Wednesday, August 27, 2008

Gustav Deluges Caribbean, Oil Market Next?

Haiti, already suffering the tortures of the damned, watched precious crops go under the stalled onslaught of water from Hurricane Gustav. A trash filled Port-au-Prince and other populated areas are starting to see floods and no emergency assistance in sight. During the deluge, outbreaks of food price protests are still rocking the capital - literally! The Haitian people are throwing rocks in Les Cayes wearing plastic bags as raincoats. Havana, Cuba is watching it streets and beaches become at one with the water as rainfall will be somewhere between 6 to 12 inches just two weeks after Fay. The Dominican Republic sees mudslides turning tragic with a mounting death toll.

Gustav was moving slowly, an ominous development for Haiti where hillsides have been stripped of trees and heavy rains frequently cause disastrous mudslides, the U.S. National Hurricane Center said.

At least two people were killed on Tuesday in a mudslide in Haiti.
In the neighboring Dominican Republic, eight people -- seven from the same family -- were buried under mud when a hillside collapsed just north of Santo Domingo.
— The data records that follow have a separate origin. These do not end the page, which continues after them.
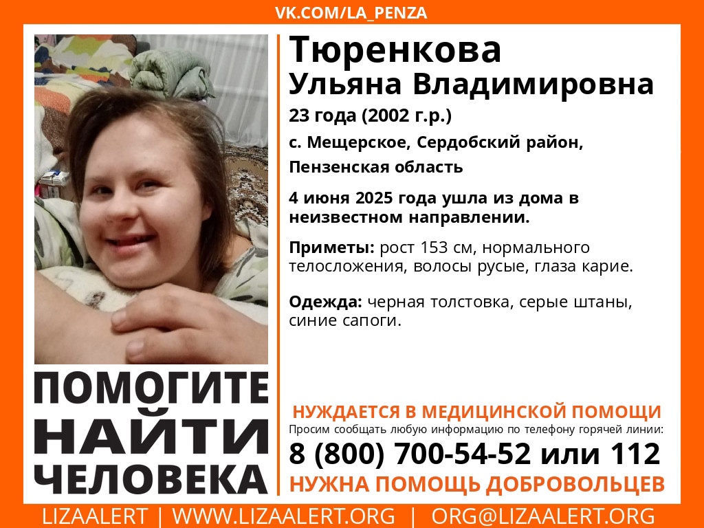 На следующий день, 4 июня, в селе Мещерское Сердобского района пропала 23-летняя Ульяна Тюренкова. Она также ушла из дома в неизвестном направлении. Молодая девушка нуждается в помощи медиков. Ее приметы: рост 153 см, нормальное телосложение, русые волосы и карие глаза. Была одета в черную толстовку.
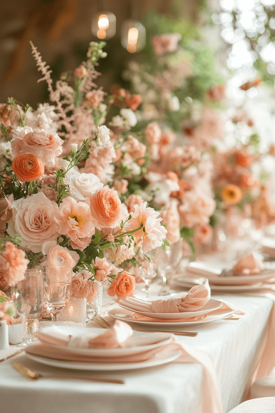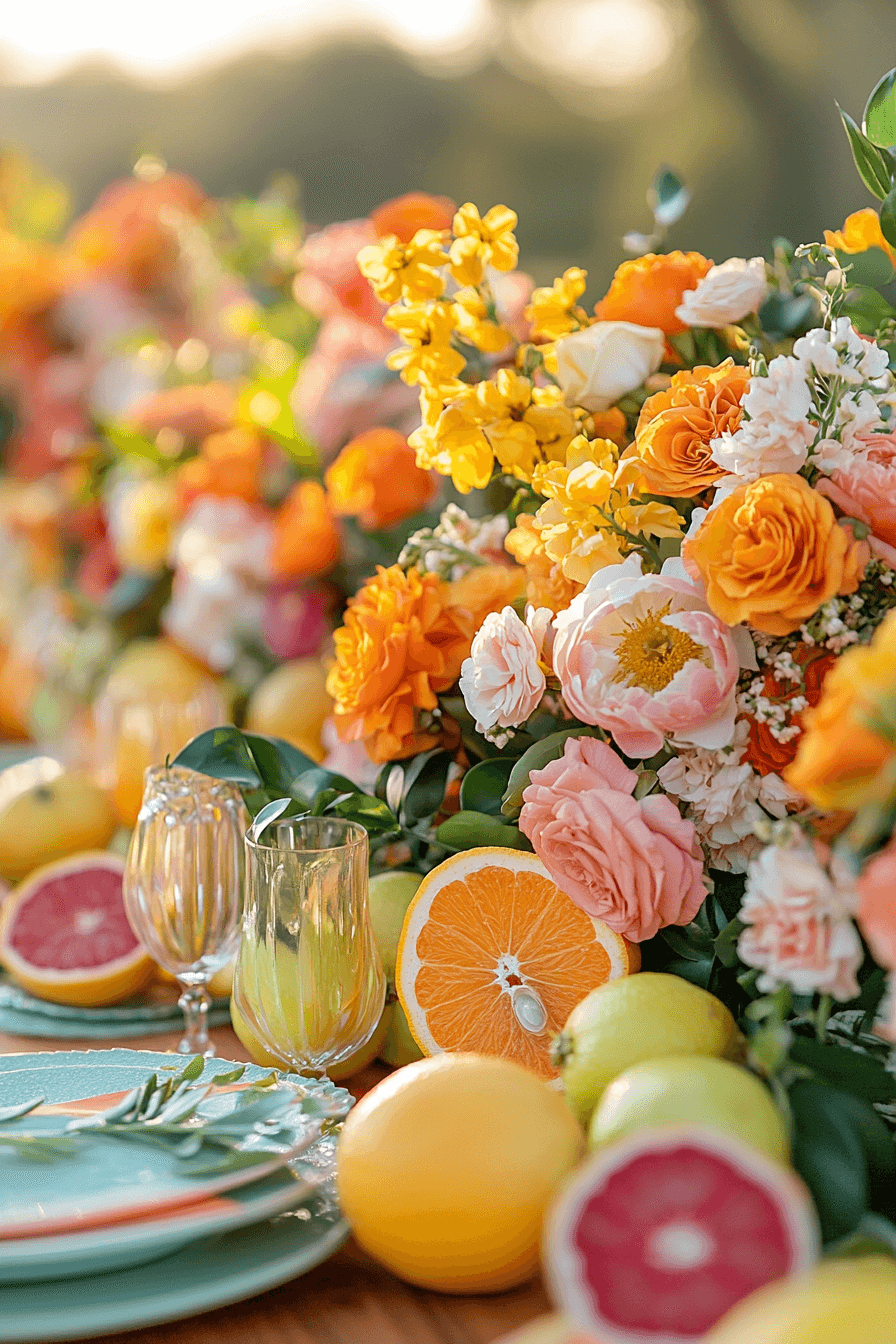 Brighten your setting with zesty citrus tones. Fresh greenery balances the bold shades. The atmosphere feels light, joyful, and summery. Perfect for warm-weather weddings.
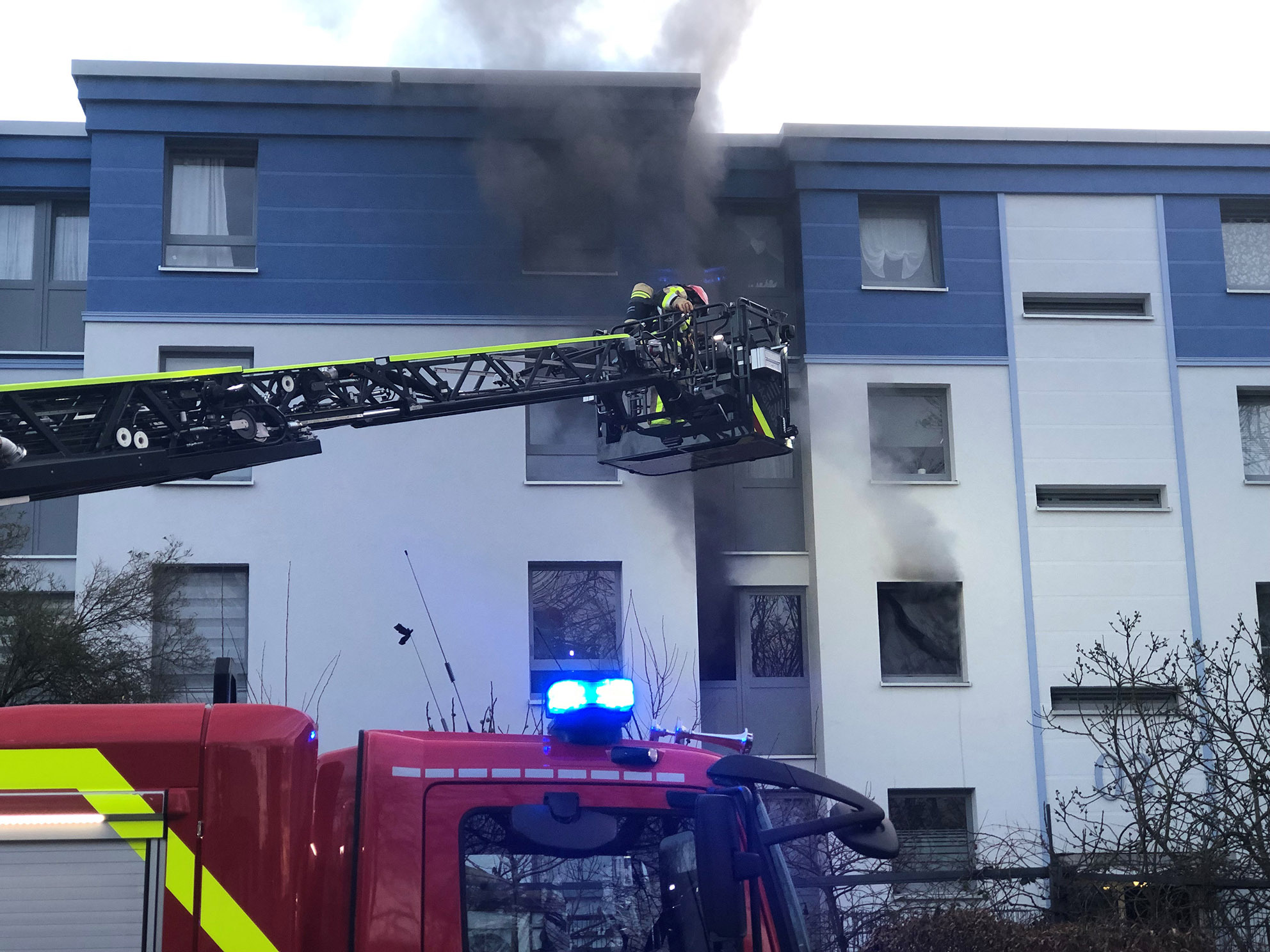 Nicht so glimpflich ging ein weiterer Küchenbrand in der Tempelhofer Straße aus. Am Nachmittag ging der Notruf bei der Feuerwehr ein. Im ersten Obergeschoss drang bei Eintreffen der Hauptamtlichen Wache dichter Brandrauch aus der Wohnung. Zwei Trupps gingen unter Atemschutz in das mehrgeschossige Wohngebäude vor und kontrollierten die Wohnung zunächst auf eventuell vermisste Personen. Parallel dazu wurde der Treppenraum belüftet, um die restlichen Wohnungen rauchfrei zu halten, die ebenfalls auf vermisste Personen und Rauchausbreitung kontrolliert wurden.
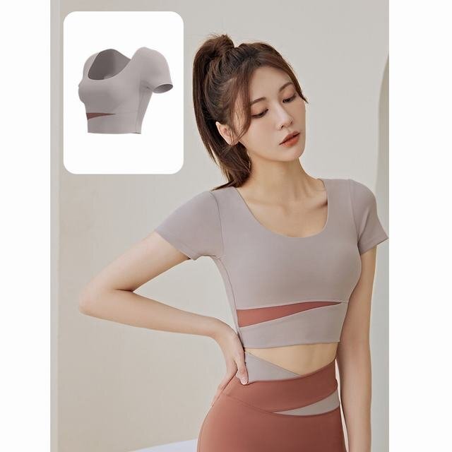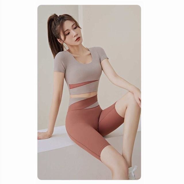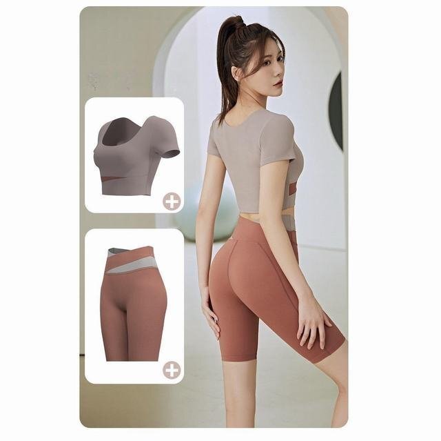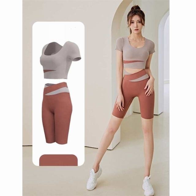 ヨガウェア レディース 上下セット 室内 おうちヨガ 体型カバー Uネック ショート丈トップス カップ付き ブラウン サイズ2XL
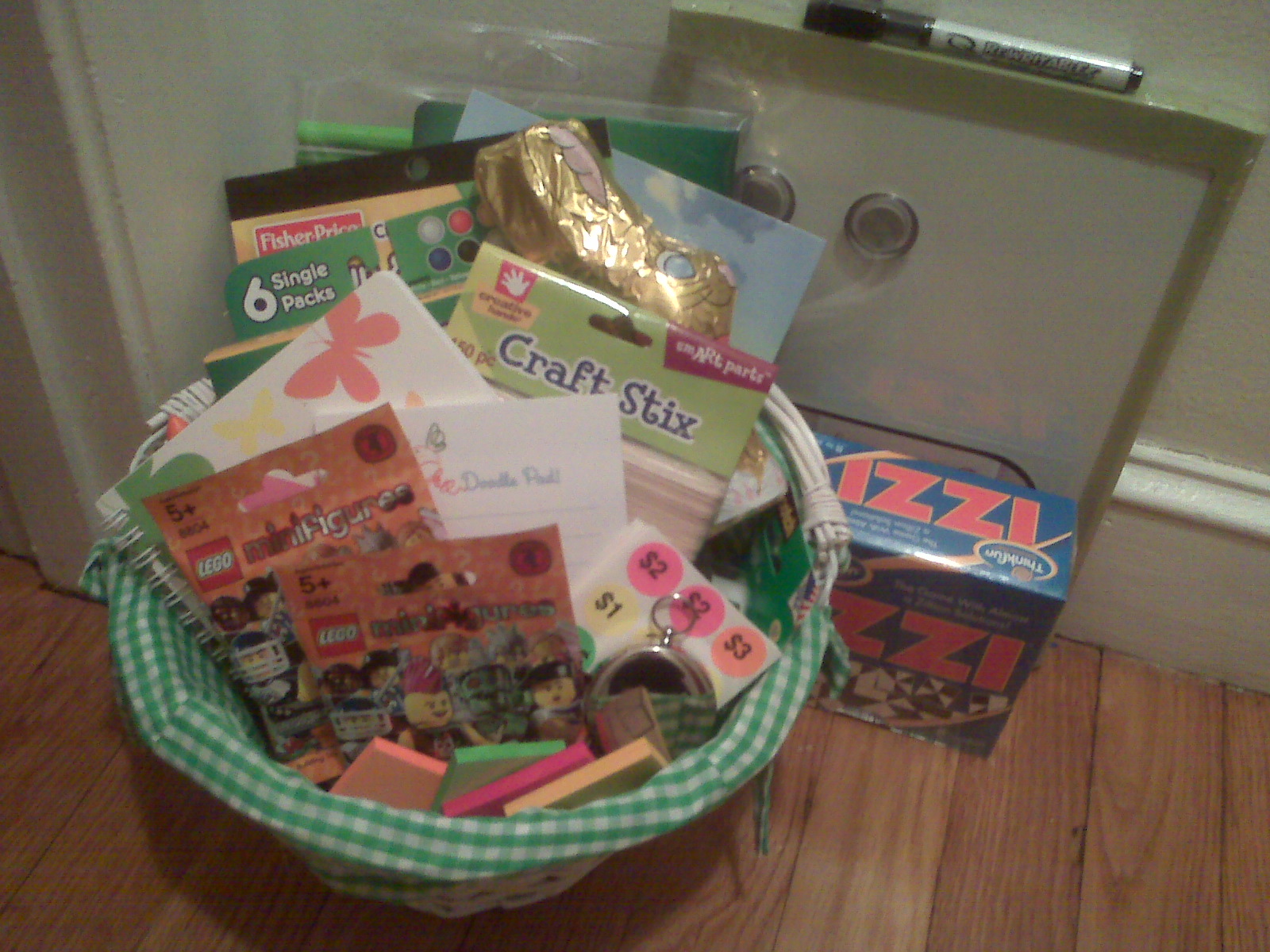 When I had put it together, I realized what an unusual Easter basket it was. It contained a chocolate bunny, but also markers, a sticker book, Model Magic, craft sticks, a small notebook with butterflies on the cover, a sticky notepad, two Lego figures, tape, stickers with prices on them (for when she plays store), a compass, multicolored stickies, a logic game, and a white board.
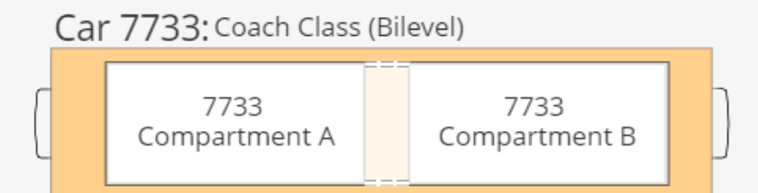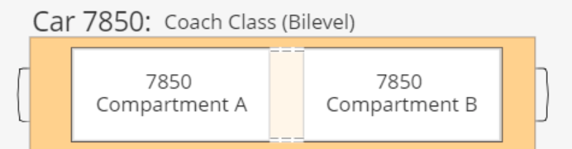 Car is split into two sections each with an upper and lower level. Each section can seat 40 in the lower level and 20 in the upper level.
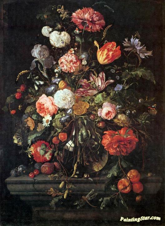 Flowers in Glass and Fruits, Art Painting by Jan Davidsz De Heem

Havana, Cuba 26 August, 2008 (Photos Reuters)
Gustav was rated a tropical storm, but could return to Hurricane status at any time once out over the warm waters of the Gulf Of Mexico. Jamaica issued tropical storm warnings along with all of the Cayman Islands. Haitians are being told to prepare evacuate. Floridians are not taking anything for granted anymore when former hurricane, Tropical Storm Fay made a record breaking 4 landfalls just sitting there dispensing rain and misery on each visit. Eastern Cubans are being warned that Gustav is packing a more powerful punch than Fay.

There's nothing but cash induced adrenalin in the hearts of oil speculators as the price of oil wobbles with the Gulf filled with oil rigs and the potential for disaster to oil supplies making the prices jump like a wet cat.
Concerns that Hurricane Gustav would strike installations in the Gulf of Mexico in coming days sent energy prices higher. Crude futures climbed $1.16 to $116.27.

Gustav is "still a long way from oil and gas infrastructure, but gas traders will be keenly focused on direction/magnitude of this summer's first storm to potentially impact energy markets," securities firm Tudor Pickering Holt & Co. told its clients Tuesday morning.

All around the Gulf coast people are eying reports with trepidation as Gustav is expected to regain Hurricane strength. The map lines represent Gustav's possibilities with Florida heaving up prayers of relief.

It is already a deadly and active hurricane season as we come up on the anniversary of America's most devastating hurricane to human and national reputation alike, Katrina, on 29 August. New Orleans sits well within the possibilities as Gustav slowly moves back out to sea where refueling could supersize the storm into a monster hurricane.